Step aside "Terminator"— moviemakers looking to make accurate dystopian movies should instead take cues from "The Grapes of Wrath."

That's because robots won't take our lives — they're more likely to take our livelihoods.

And it's looking more and more likely that these artificially intelligent programs will even take over the job of making themselves — some researchers think it's likely that software engineers will one day be supplanted by intelligent software that can copy, write, and improve programs itself.
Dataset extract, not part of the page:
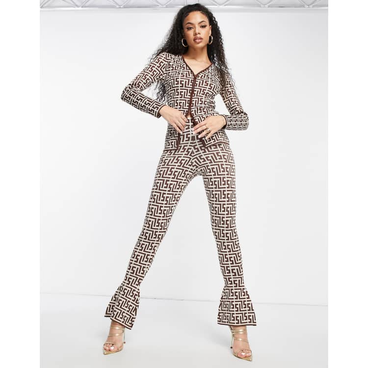 Simmi Enge Schlaghose Mit Geometrischem Muster In Braun Kombiteil Asos

"I can envision systems that become better and better at writing software," Bart Selman, a computer scientist at Cornell University, said. "A person complemented with an intelligent system can write maybe ten times as much code, maybe a hundred times as much code. The problem then becomes you need a hundred times fewer human programmers."

An oft-cited 2013 Oxford study estimated that programmers and software engineers have just an 8% chance of automation in the next 20 years. Selman disagrees. He said that number will end up being much bigger, and we should be ready for it to skyrocket in the future.

Given time, some AI systems, especially those using a methodology called machine learning that allows AI to improve over time, will get better and faster than humans at writing software.

"[Software engineer] looks fairly safe right now," Selman said. "But you know, 20 to 30 years from now that might be different."

And of course software engineers aren't the only jobs at risk. The Oxford study projected that 47% of all employment in the US is likely to be automated by 2030.

But Toby Walsh, a professor in artificial intelligence at the National Information and Communications Technology Australia, told Tech Insider that eventually those numbers might be much worse.

"It's hard to think of a job that a computer ultimately won't be able to do as well if not better than we can do," Walsh told Tech Insider.

Others have noted that many jobs in, for example, the legal field, could also be disappearing soon.

The idea that computer scientists and lawyers might lose their jobs to the products they built is jarring, but Selman said there's no reason it wouldn't happen once robotic labor becomes cheaper than human labor. That humans will always be smarter or more efficient than the AI systems they build is a misconception.

"Chess is actually a good example," Selman said. "The programs are generally written by people who are fairly bad chess players. As a programmer, you can write a program that can do a task much better than you can."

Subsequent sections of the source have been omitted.